| > Tulsa has run out of ICU beds. So now we're in agreement. The sky is not falling, and Tulsa may have a local logistical challenge. Nothing to see here. > Because they know their patients will die if they don't perform. It's presumptuous to speak to what others know. All I know is that they weighed the alternatives for themselves and chose to willingly go to work instead of doing all the other things that they could have done instead. > Its easy to build a training program when you have a $700 Billion/year budget. Are you arguing that only a $700B/yr organization can train people to do the simple tasks that a soldier learns to do? The field manuals and training materials are all available, you can look and see for yourself that there is no secret super 700 billion dollar teaching method being used. As important as they are, these skills are not uniquely difficult to teach nor to learn. (Nevermind the fact that last year the federal government spent over a trillion dollars on healthcare, and the private sector spent even more than that, so if there is some special budgetary threshold that must be passed before workers can be effectively trained, I think we passed it a long time ago.) > Americans won't accept raising their taxes to pay for such a thing. Right, because we don't just assume that the solution to every problem must come from the government. There is absolutely nothing preventing hospitals from training new workers to change bedpans and insert catheters via on the job training. Well, nothing except for all the government regulations, but as they say "nobody gets a speeding ticket at the indy 500". They could do it and it would be fine. |
Not only train the soldier: but also to check on their progress, ensure they are following the proper military culture, growing into their role, and promoting those who are worthy.
The entire life of a soldier is well defined thanks to the work of the generals and leaders of the military. Group organization and cohesion is no accident: its a purposefully built goal. And yes, money has a lot to do with it.
Propaganda and recruitment is a big one: there are literally soldiers going out into the country, and individually recruiting kids out of high school to become a soldier. This increases the talent pool, and effectively lowers the wages you need to offer soldiers (supply and demand after all).

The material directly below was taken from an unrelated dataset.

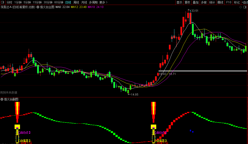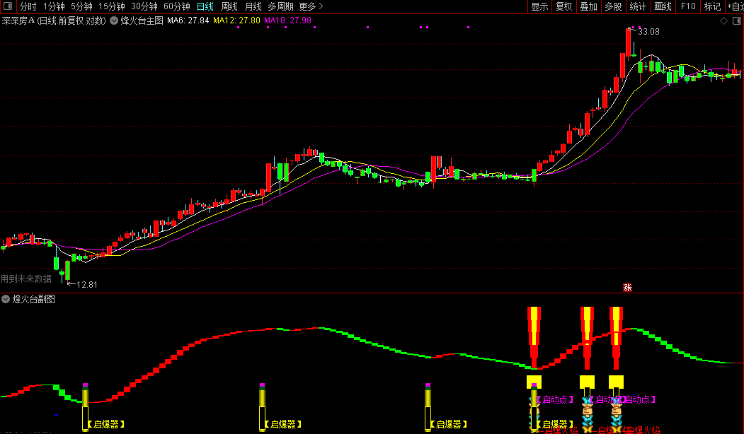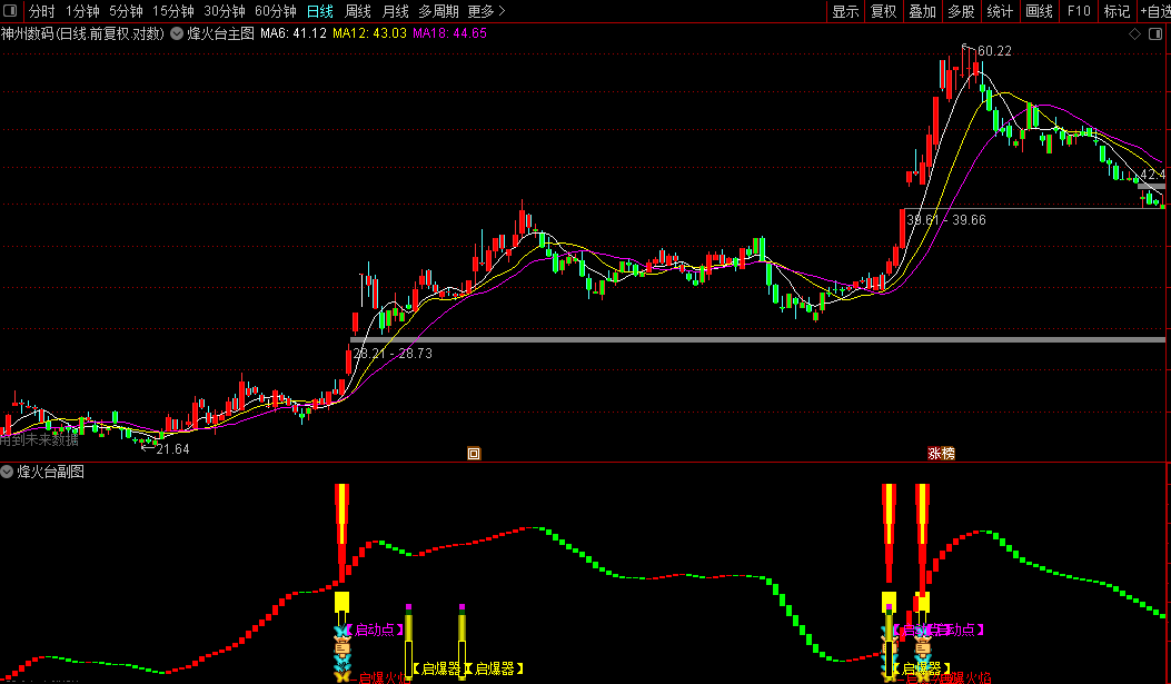 本指标包括1主1副图3选股 烽火台指标是专为通达信设计的分析工具,其核心功能在于识别价格启动信号和趋势转折点。指标通过计算股价与均线的关系、量能变化及动态涨跌幅,综合判断市场强弱。当出现量价齐升且股价突破多条均线时,会以醒目的彩色柱状和文字标注“启动点”或“启爆器”,直观提示潜在进场时机。同时,指标通过火焰状图标和色带变化,动态展示趋势的延续或转折,帮助投资者把握行情启动初期的关键节点。适用于短线交易者捕捉强势起涨点,辅助决策买卖时机
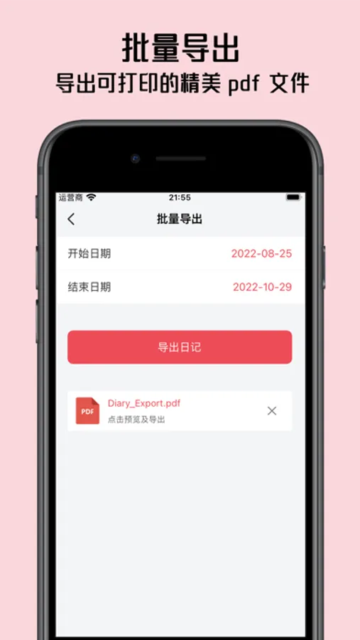 【批量导出】支持批量导出日记,导出可打印的精美 pdf 文件,装订成册更美观。还可以导出精美的图片,分享日记更简单。

No one is going out there recruiting people into nursing fields.
> So now we're in agreement. The sky is not falling, and Tulsa may have a local logistical challenge. Nothing to see here.
And a record death rate. Are you trying to imply that COVID19 deaths aren't happening or something?
Deaths skyrocket with caseload. Yes, there are treatments that help prevent death, but only if the nurses / doctors have enough time to do their job. If they become overwhelmed, then their ability to process life-saving treatment is mitigated.